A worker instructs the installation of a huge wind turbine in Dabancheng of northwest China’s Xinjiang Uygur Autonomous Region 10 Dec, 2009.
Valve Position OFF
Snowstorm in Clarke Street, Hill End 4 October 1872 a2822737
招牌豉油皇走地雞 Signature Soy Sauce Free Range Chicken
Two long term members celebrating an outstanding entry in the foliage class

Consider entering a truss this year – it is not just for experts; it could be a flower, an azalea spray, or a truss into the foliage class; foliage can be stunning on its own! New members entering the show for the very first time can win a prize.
--
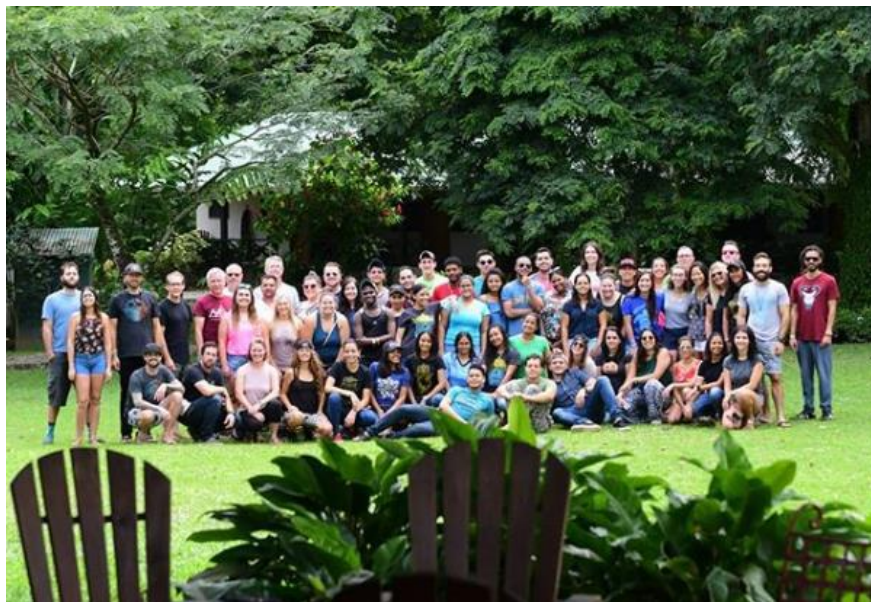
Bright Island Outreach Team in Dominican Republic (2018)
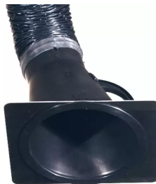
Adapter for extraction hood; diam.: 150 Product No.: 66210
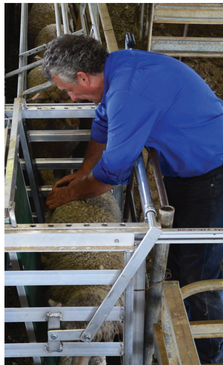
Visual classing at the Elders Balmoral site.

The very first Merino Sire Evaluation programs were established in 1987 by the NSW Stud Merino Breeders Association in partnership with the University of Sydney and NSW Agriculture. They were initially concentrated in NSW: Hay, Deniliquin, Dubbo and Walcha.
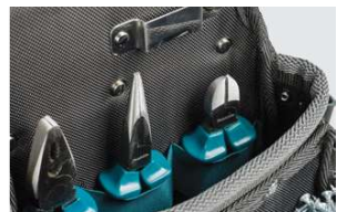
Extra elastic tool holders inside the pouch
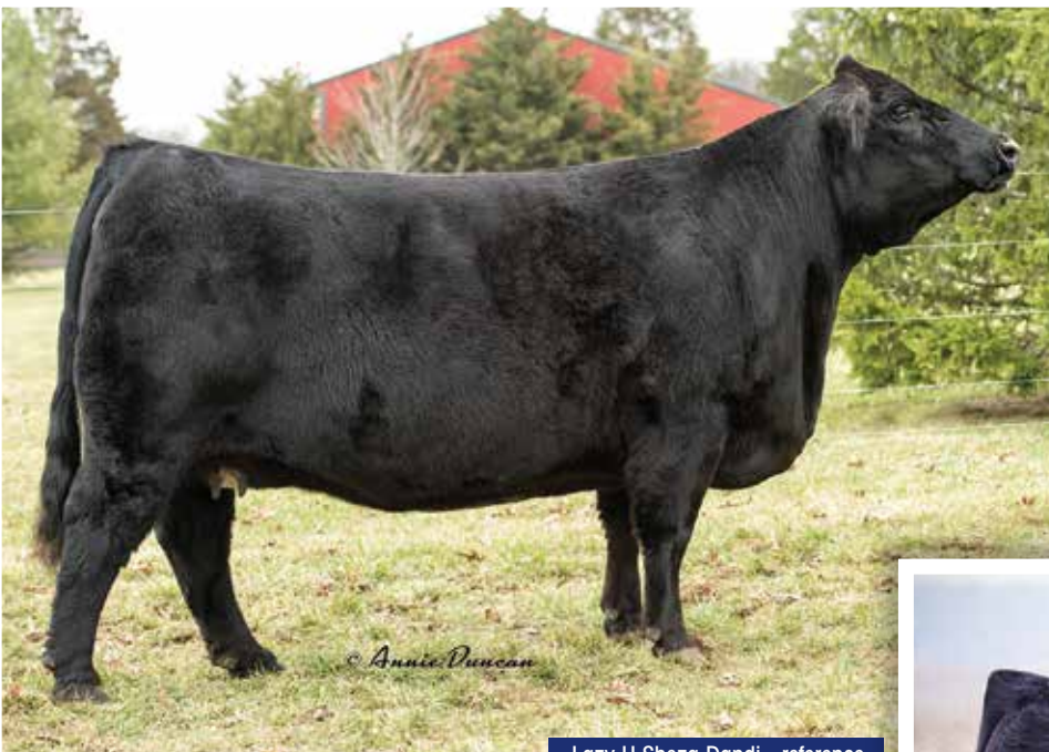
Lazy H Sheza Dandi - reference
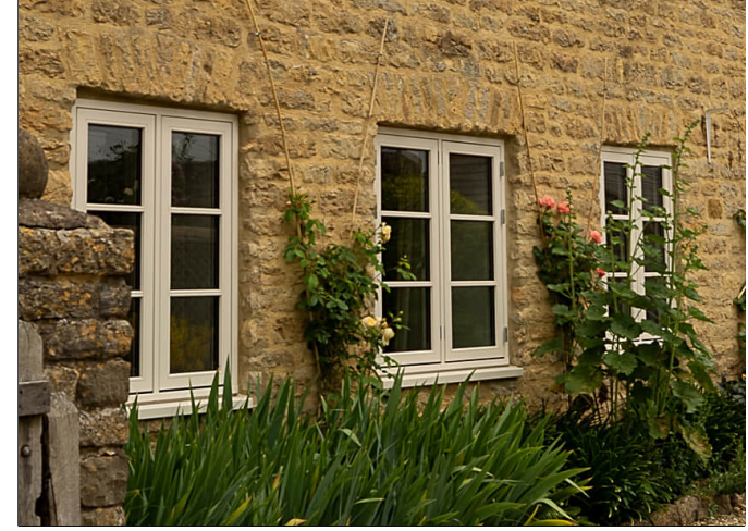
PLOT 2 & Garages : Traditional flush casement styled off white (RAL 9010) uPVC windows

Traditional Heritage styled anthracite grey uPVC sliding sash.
---
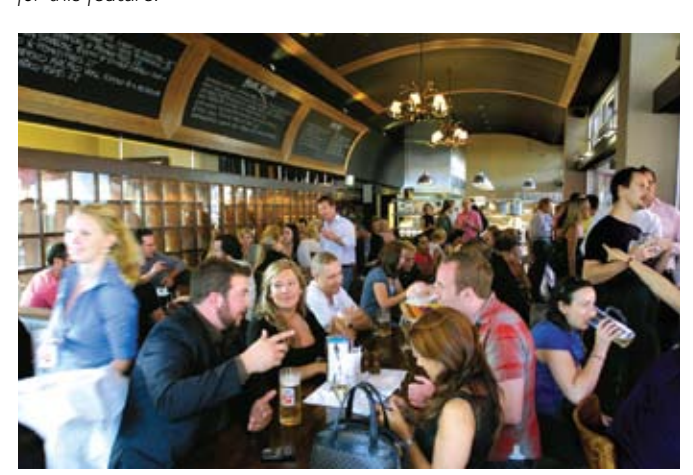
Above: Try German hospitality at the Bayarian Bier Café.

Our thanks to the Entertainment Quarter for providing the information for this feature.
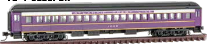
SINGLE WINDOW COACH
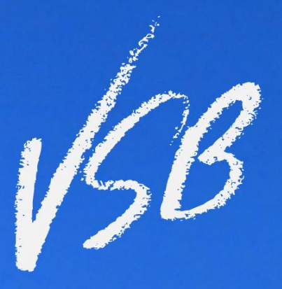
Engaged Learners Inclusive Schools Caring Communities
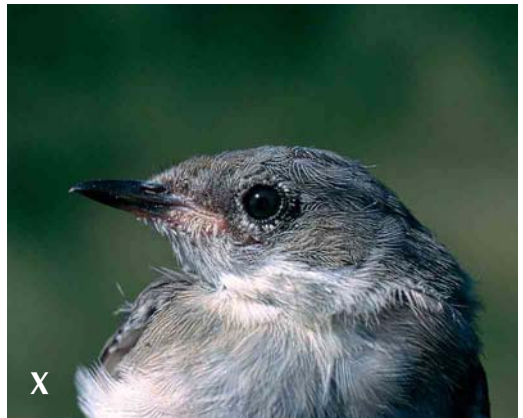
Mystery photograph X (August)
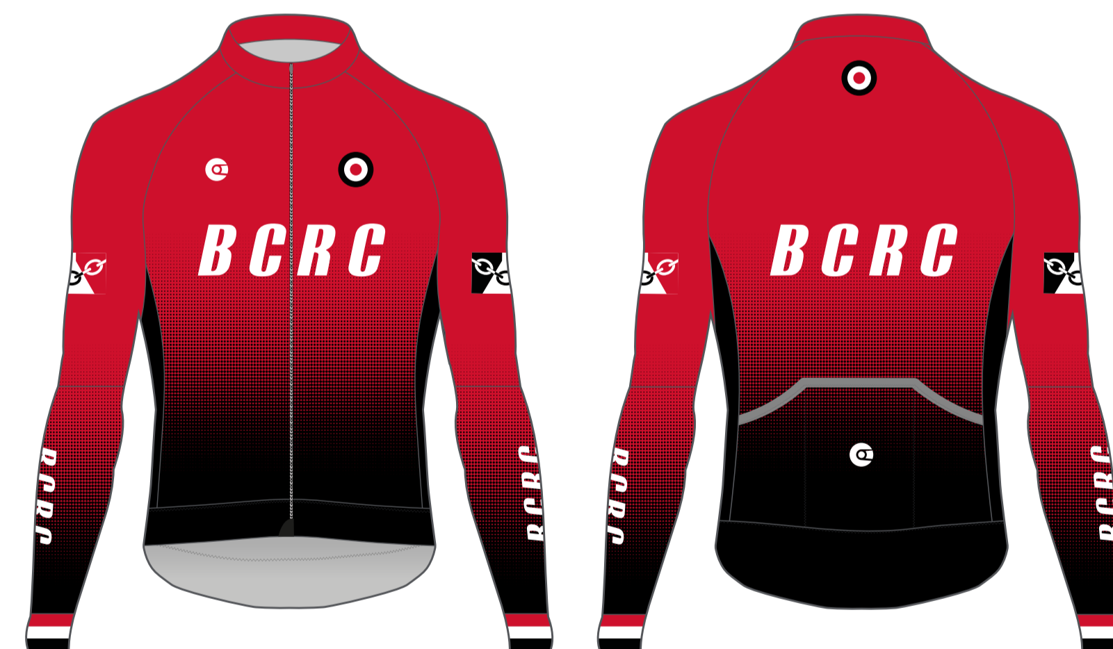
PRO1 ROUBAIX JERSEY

## ASSIGNMENT
Although pictures appear among the records above, write out exactly only the lines from the one that has "Mystery photograph X (August)" through the one that has "PRO1 ROUBAIX JERSEY", and leave the pictures out.

## TASK RESULT
Mystery photograph X (August)
PRO1 ROUBAIX JERSEY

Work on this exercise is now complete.